Сюжет песни — Бородинское сражение. И через весь текст (довольно сложный и насыщенный образами) проходят эти строки: про то, что где-то слева — Милорадович, а где-то справа — Багратион. Петь песню в кадре должен был я. Пацаны (то есть "режиссер" и "оператор") поняли, что тут очень важно, кто из героев стоит справа, а кто — слева. И главное — не перепутать, где у нас "право", а где "лево" по телику, блин. Три дня они шушукались, что-то рисовали. Когда я подходил, бумажку прикрывали руками, как будто я — второгодник, жаждущий списать контрольную.
  Наступил день съемок песни "1812 год", или "Песни про чуваков, которые слева и справа", как говорили между собой творцы видеоклипа. Сели в автобус.
   — Куда едем? — спрашиваю.
   — К Казанскому собору, — отвечают.
  Снимать про Багратиона и Милорадовича у собора Казанской Божьей Матери? Ну, думаю, Щукину и Медведю виднее...

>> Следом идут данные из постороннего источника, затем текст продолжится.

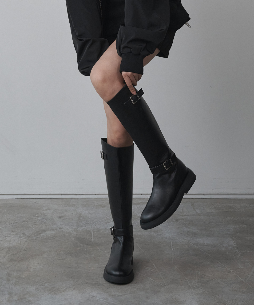 (1/7, 예약배송) 라운드 토 라이더 플랫 롱부츠 412348002 (3.5cm/2colors)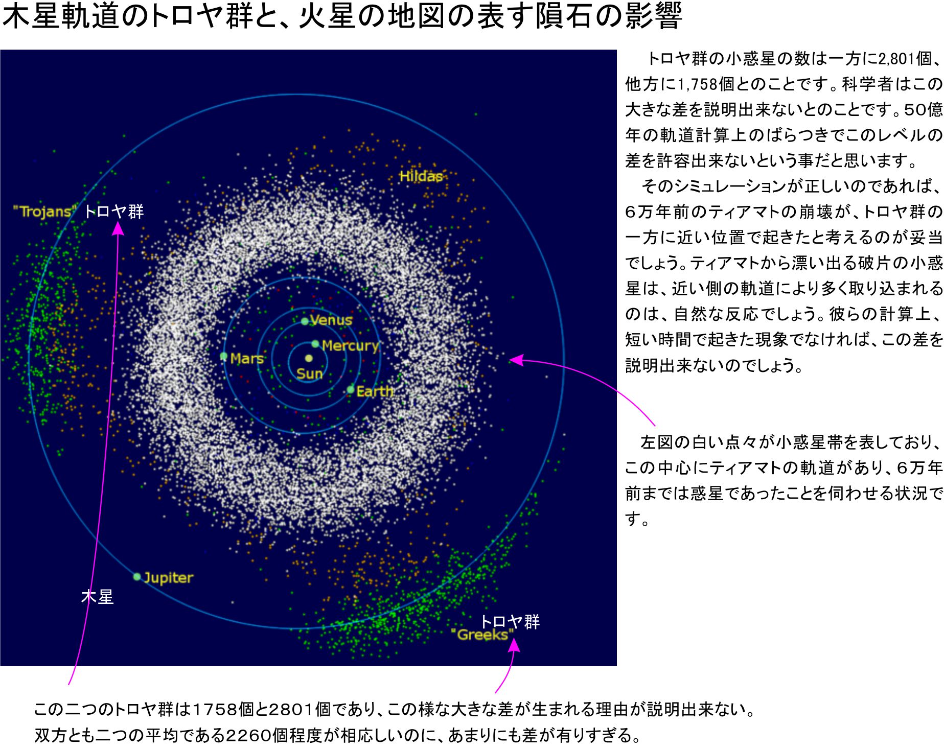 これに対して、トロヤ群と呼ばれる小惑星は、その時の流れに反する情報を持っています。トロヤ群の二カ所の安定軌道には統計的に同数の小惑星が存在すべきですが、なぜか一方が多いのです。これを説明する簡単な理由は、比較的近い時期に惑星の崩壊があって小惑星が生まれて、近い方の安定軌道に多数が捕まったという事です。6万年前であれば現実的なのです。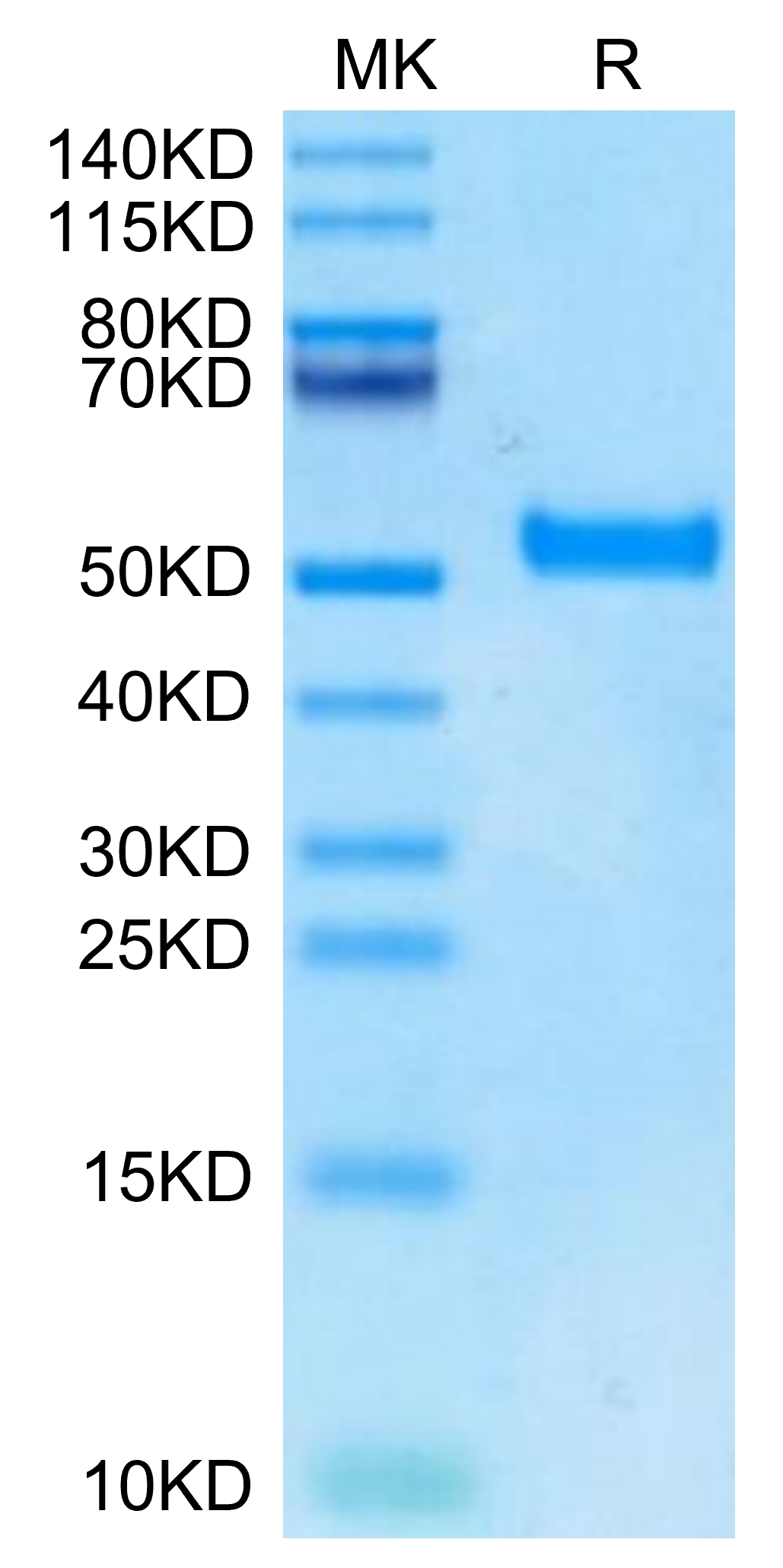 The protein has a predicted MW of 40.25 kDa. Due to glycosylation, the protein migrates to 50-60 kDa based on Tris-Bis PAGE result.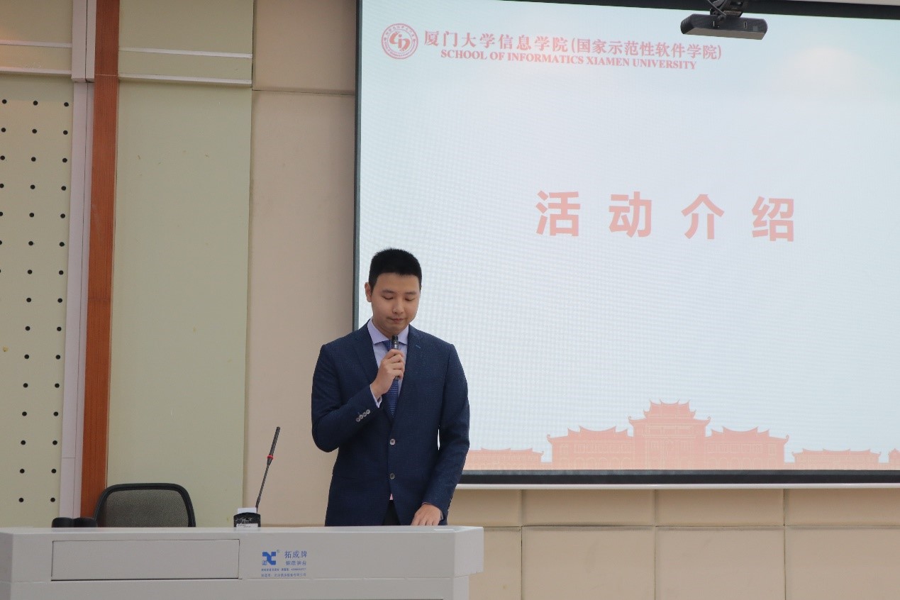 紧接着,信息学院研究生会执行主席王健铮同学介绍了第十一届海韵学术文化节的活动内容。本届海韵学术文化节由学术交流、实践竞赛与文体就业三个部分组成。其中,学术交流部分主要包括海韵名师讲坛、优秀论文评选等,实践竞赛部分主要包括第十五届京信杯“无线改变生活”创意设计大赛和中国人工智能创新大赛暨厦门大学校级选拔赛两场专业赛事活动,文体就业部分则由简历制作大赛以及一系列户外活动组成。

  Приезжаем. Нас поджидает машина "Ленэнерго" с телескопической вышкой для ремонта уличного освещения. Ее Саши Медведя дружбан за бутылку пригнал. Машину паркуют посредине между двумя памятниками. Медведь с камерой залезает в "люльку", и водитель поднимает его на высоту метров десять. А Леша Щукин — внизу. Руководить будет. "Постановку ставить". У обоих милицейские рации для переговоров друг с другом. Солидно подготовились.
  Леша мне говорит:
   — Ты — слушаешь фонограмму. Когда будут слова, что слева Милорадович, грустно так чапаешь к левому памятнику, а когда про то, что справа Багратион, — в противоположную сторону.
  Он посмотрел на вышку и сказал по рации Медведю:
   — Саня, когда Стоян пойдет налево, наезжаешь камерой на фамилию памятника, там должна быть табличка. То же самое — с правым. Ну, как договаривались. Поехали!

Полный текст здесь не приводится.